# Denver Open 2009



## pjk (Mar 3, 2009)

The Denver Open 2009 will take place April 25, 2009, in Golden, Colorado (just outside of Denver) on the Colorado School of Mines campus.

You can find more information about it on the website here:
http://pjkcubed.com/competitions/denver2009/

It should be up on Speedcubing.com within the next couple of days.


----------



## Bob (Mar 4, 2009)

Competition official.

http://www.worldcubeassociation.org/results/c.php?i=DenverOpen2009


----------



## shicklegroober (Apr 30, 2009)

Does anyone know when the results will be posted on the WCA site?
I've been checking everyday since the 25th.. 

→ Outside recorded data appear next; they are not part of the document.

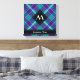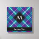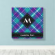 Design écossais vert mer, violet et bleu. Motif sans couture. Texte et monogramme personnalisés.
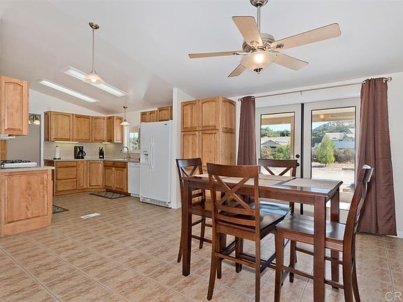 Almost 5 acres of flat fenced usable land with a 3 Bedroom plus Optional bedroom 2 baths manufactured home on a permanent foundation. 2 gated entries, horseshoe pits, fire pit, oversized detached 2 car garage, paved driveway, and a covered RV spot. Move-in ready home is immaculate! Newer Stucco covered porches front and back nothing is left to be desired with this home. Vaulted ceilings, new carpet, fresh paint, dual pane windows! The home has been recently remodeled with updated bathrooms and kitchen too
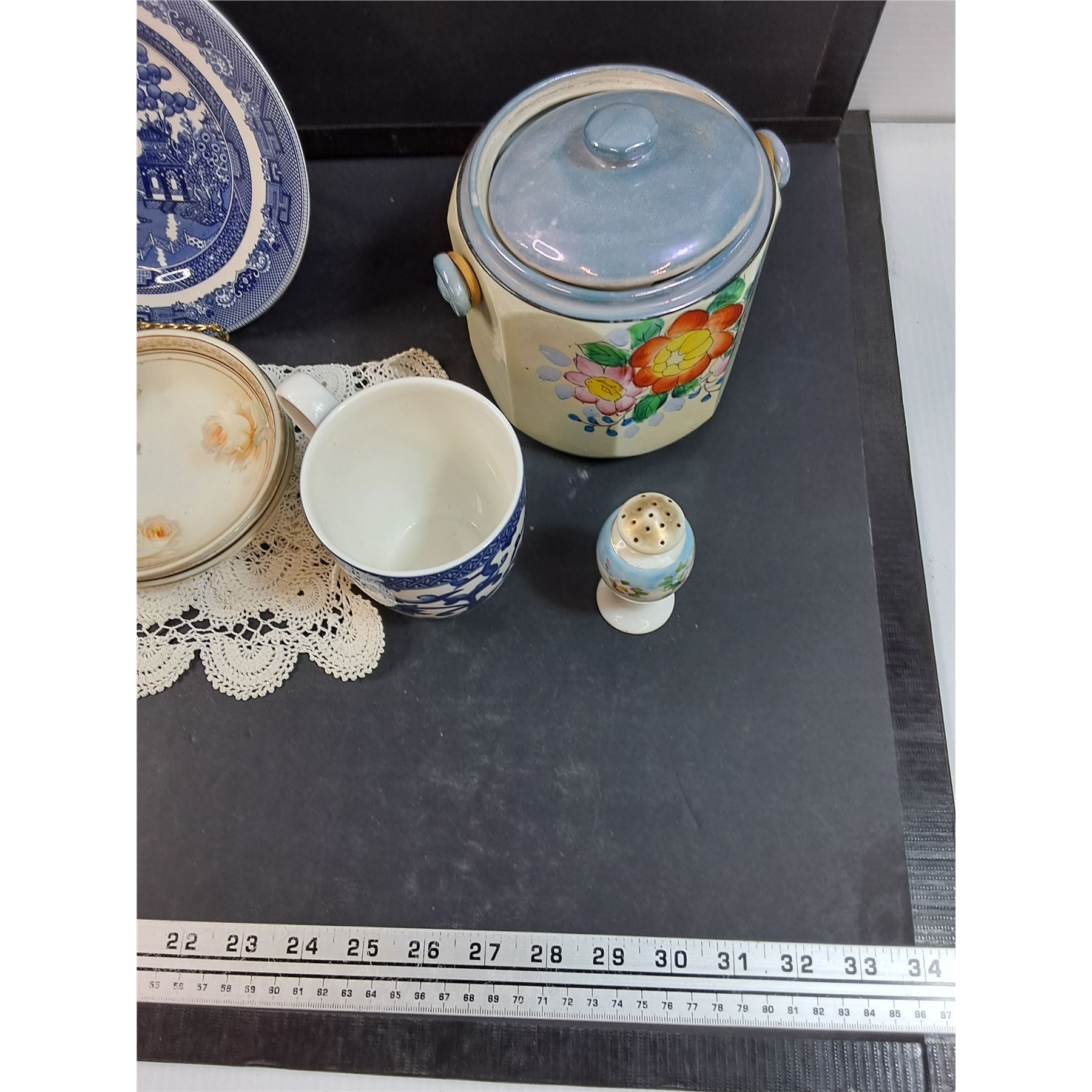 Kitchen Canister,Plate Holder w/Plate, (3) Dollies, Salt Shaker, (3) Dessert Plates,(3) Dessert Bowl
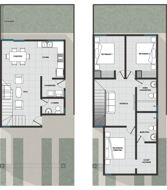 El modelo Nisa ofrece 104.54 m² de construcción, planta baja con sala, comedor, cocina, lavandería y medio baño, y planta alta con recámara principal con vestidor y clóset, más dos recámaras adicionales y un baño compartido. Una opción ideal para familias primerizas que buscan funcionalidad y diseño moderno en Chihuahua.
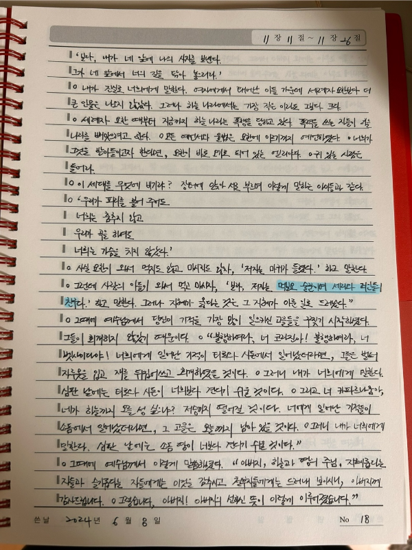 네, 그러니까, 뭘 필사한 것이냐 하면, 바로 성경입니다. 여기서 자세한 사연을 풀어놓을 수는 없지만 어쨌든 저는 지금 천주교의 예비자 교리 과정을 밟고 있는데요(천주교 신자는 그냥 되지 않습니다. 6개월가량의 예비자 교리를 받고, 세례를 받아야 천주교 신자가 되는 것이랍니다), 성경 필사는 올 8월 말까지 마쳐야 할 숙제입니다. 40대 중반에 성경을 필사하고 있는 저의 모습이라니… 제가 하고 있기는 하지만 정말이지 언빌리버블!
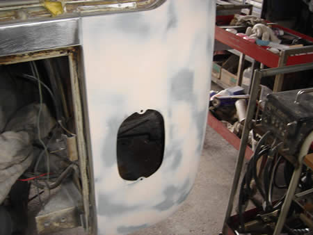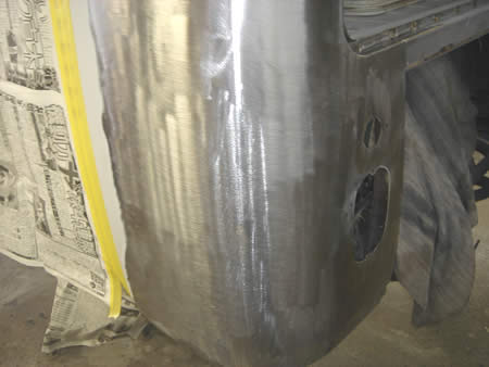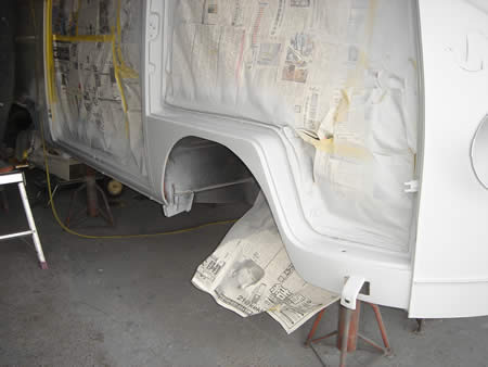 今日から右クォーターパネルの下処理に入ります。
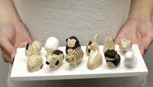 木彫り動物インテリア 木製えとセット【T-Lab】
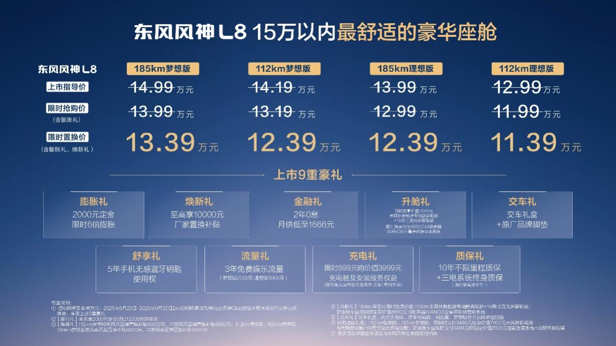 在第28届成都车展上,东风风神L8已正式宣布上市,限时置换价仅需11.39万元起(可叠加享受国/地补) ,这一极具竞争力的价格直接击穿“25万元才能配齐冰箱彩电大沙发”的行业认知,让其成为同级别中极具竞争力的舒享座舱之王。
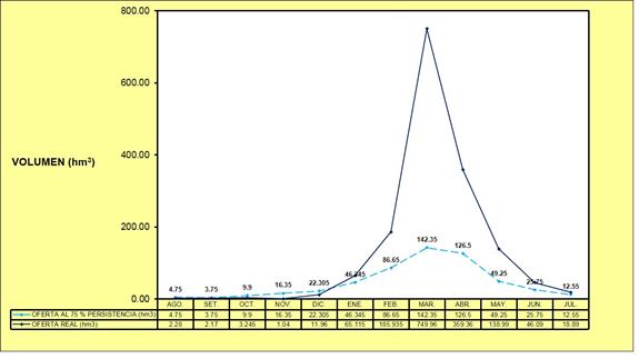 Figura 2 Oferta hídrica real al 75 % de persistencia en la cuenca del río Jequetepeque, Perú (agosto 2017-julio 2018).
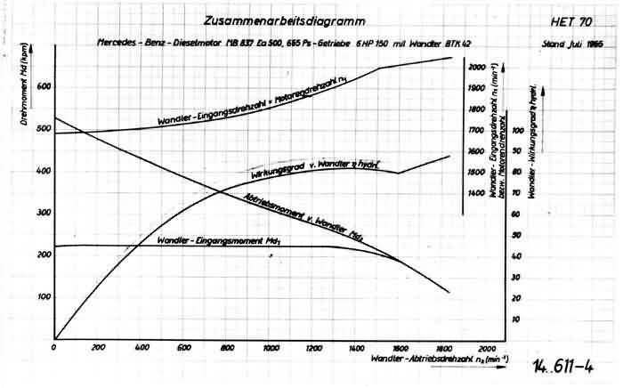 Das max. Drehmoment gibt der Wandler bei annähernd n2 = 0 ab; es beträgt ca. 525 kpm. Der Drehzahlabfall n1 zu n2 = 1680:0 entspricht einem 100 %igen Schlupf, der Wirkungsgrad ist also 0. Die gesamte Motorleistung geht dabei als Wärme ins Öl des Wandlers. Wir sehen später noch im Fahrzustands Diagramm, unter welch extremer Steigung dem Wandler dieses Moment abverlangt werden kann. Das Kühlaggregat ist so ausgelegt, daß kurzzeitige Belastung dieser Art dem Wandler nicht schadet.
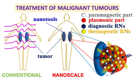 Based on the results summarized above, we propose the following structure of gold–silicon nanohybrids prepared by laser ablation. The synthesized composite gold–silicon nanoparticles represent combinations of different nanodomains such as metallic gold of various crystallinity responsible for plasmonic properties, gold silicide of different stoichiometry as well as SiO and SiO2 reflecting paramagnetic features of the nanohybrids. Our results indicate that the developed method extends the functionality of plasmonic metal nanostructures by laser-induced combination with semiconductor materials, thus allowing their non-invasive tracking by magnetic resonance imaging techniques. As an outlook, we assume that it can provide further significant extensions of the performance of hybrid metallic-semiconductor nanoparticles by the development of multifunctional nanotools due to their combination with other elements. For instance, laser-induced incorporation of different types of radionuclides (RNs) can add new modalities to laser-synthesized nanostructures such as diagnostic and/or therapeutic one by choosing an appropriate type of elements (Figure 8). It can considerably facilitate the formation of radionuclide nanocarriers for nuclear nanomedicine that are currently performed by complexed chemical methods [,] where RNs can play a dual role (both diagnostics and therapeutic), locally detecting or treating a malignant tumour. Together with surfactant-free synthesis allowing chemical composition variation, such ultrapure multicomponent nanoagents can play a very important role in many biomedical applications such as bioimaging, biosensing, hyperthermia, nuclear medicine, photodynamic, and radio-therapy of cancer (Figure 8) [,].
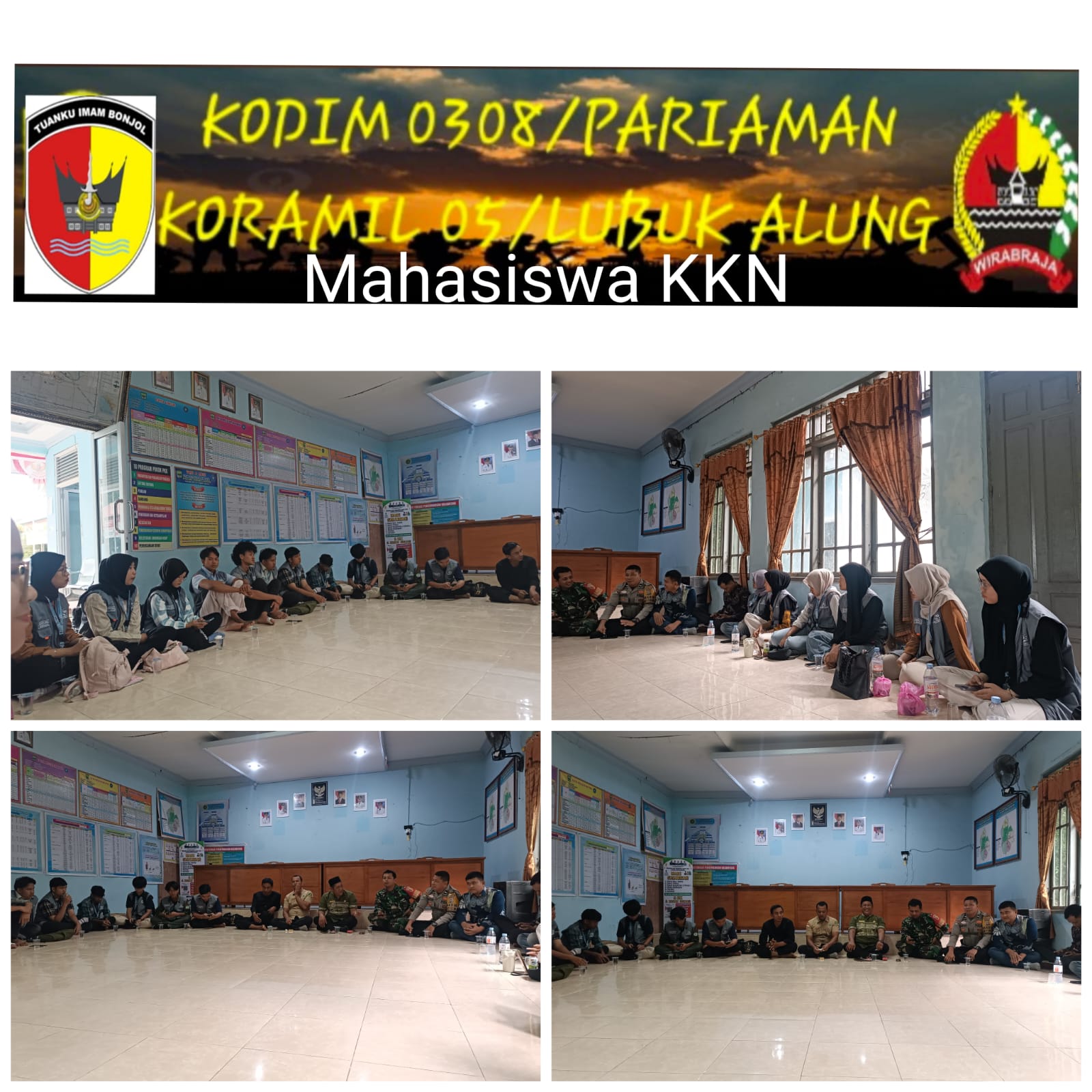 Media Sinergitas TNI-Polri News, LUBUK ALUNG, – Babinsa Koramil 05/Lubuk Alung Serda Rukaat Tanjung Kodim 0308/Pariaman,Babinkamtibmas Aipda Agus Martanto dan Perangkat Nagari Toboh Gadang Kecamatan Sintuk Toboh Gadang, Kabupaten Padang Pariaman,Kamis (08/01/2026) ikut memberikan pembinaan dan pengawasan kepada mahasiswa Universitas Andalas (UNAND) yang akan melaksanakan kegiatan Kuliah Kerja Nyata (KKN) di nagari Toboh Gadang.

Maybe I'm not looking in the right place, any help is appreciated.

Thanks!


----------



## Anthony (Apr 30, 2009)

Shicklegroober: You're looking in the right place, the results just aren't up yet. It's been bugging me too lol.  Bob should have it up soon, hopefully.  Btw, just so people that were at the Denver Open don't get confused, the OH final isn't going to count, we stupidly didn't pay attention to the number of competitors we need.. Only the first round will count. Oh well, goodbye to my 23 single and 28 average.  I'll do better next time.


----------



## shicklegroober (May 1, 2009)

Ah! Okay I'm just impatient thanks dude!


----------



## Bob (May 1, 2009)

Results are posted.


----------



## Kian (May 1, 2009)

I'm particularly impressed with Anthony Searle's 3857:02:24.00 blind solve.


----------



## Ellis (May 1, 2009)

3x3 blindfold 

Anthony Searle	3857:02:24.00 

ah Kian already posted it


----------



## Bob (May 1, 2009)

yeah, the workbook said it was done on 6/8/1900.


----------



## Ellis (May 1, 2009)

It took him 109 years to solve it and still got first place. 

Is that how it really works? The date has an effect on the actual times?


----------



## pjk (May 1, 2009)

Thanks, Bob.

The actual BLD time was 2:24.00.


----------



## brunson (May 1, 2009)

Anthony and Brian Searle are citizens of Belize? Interesting.

Where is Anthony's Multi-Blind?

Edit: Weird, it's in the Event results, but not listed under the Denver comp. At least it's there.


----------



## Bob (May 1, 2009)

brunson said:


> Anthony and Brian Searle are citizens of Belize? Interesting.
> 
> Where is Anthony's Multi-Blind?
> 
> Edit: Weird, it's in the Event results, but not listed under the Denver comp. At least it's there.



I'm trying to figure that out.


----------



## JTW2007 (May 5, 2009)

Thanks to everyone there for a great comp.


----------